Roden Brothers Ltd (1891-1953)

Measurements

4-1/4 in x 1 in x 1/2 in

Materials

Gold-washed silver and enamel

Credit Line

Historic Odessa Foundation, The David Wilson Mansion, Inc.

Accession Number

1971.1112

Condition Notes

“U.S.S. INDIANA” and “IN DRY DOCK / HALIFAX.N.S." are in the bowl.  “DIEU / ET MON / DROIT” (“God and my right”), and “HONI SOIT QUI MAL Y PENSE” (“shamed be he who thinks evil of it”) are on the handle.

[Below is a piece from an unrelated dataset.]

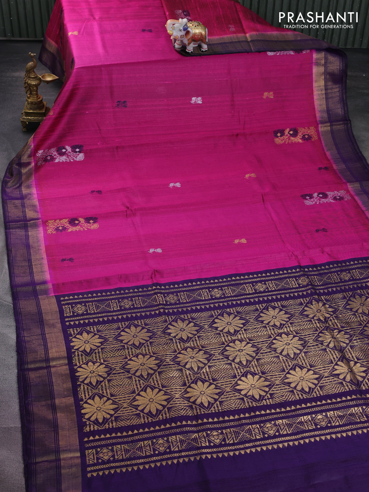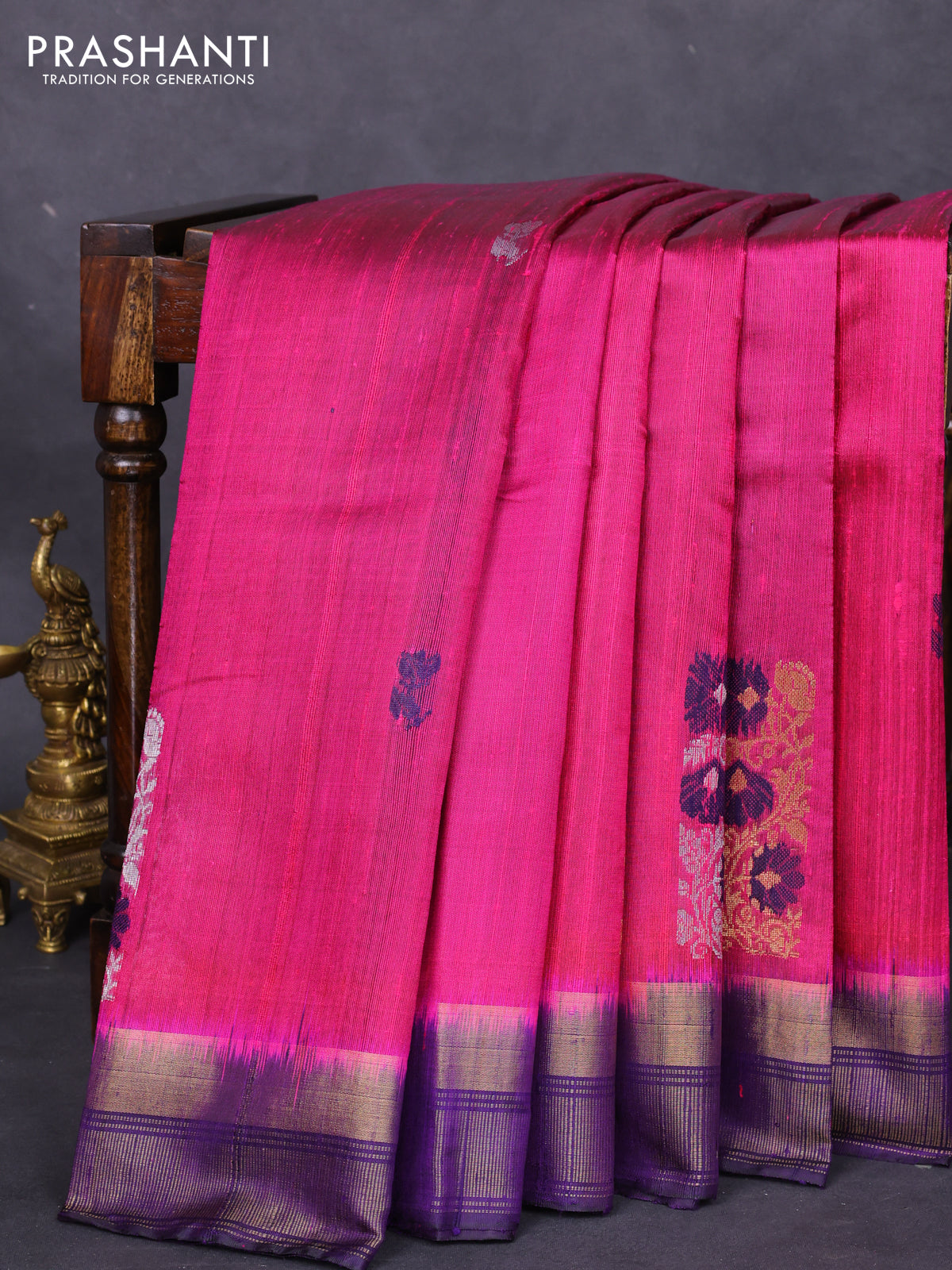 Pure dupion silk saree pink and violet with thread & silver zari woven buttas and zari woven border

Roden Brothers touchmarks--a lion passant, “R”, “925” and “STERLING”--are struck into the back of the handle near the bowl.

Provenance

Ex coll. Mrs. E. Tatnall (Mary Corbit) Warner

Comments

The USS Indiana, built in Philadelphia and commissioned in 1895, was in dry dock in Halifax, Nova Scotia, in August 1897 to install bilge keels to reduce rolling of the hull.  The Halifax facility was one of the largest on the East Coast at that time.  The Indiana was decommissioned in 1919.

This spoon bears British inscriptions and elements of the royal seal, notably the English lion and Scottish unicorn with a crown between them.  Although the subject of the souvenir spoon is an American battleship, it was made by Roden Brothers of Toronto.

Of interest, the twist in the handle was made mechanically after the spoon had been die-struck and after the marks on the back of the handle had been struck.  The word “STERLING” is distorted by the twisted metal.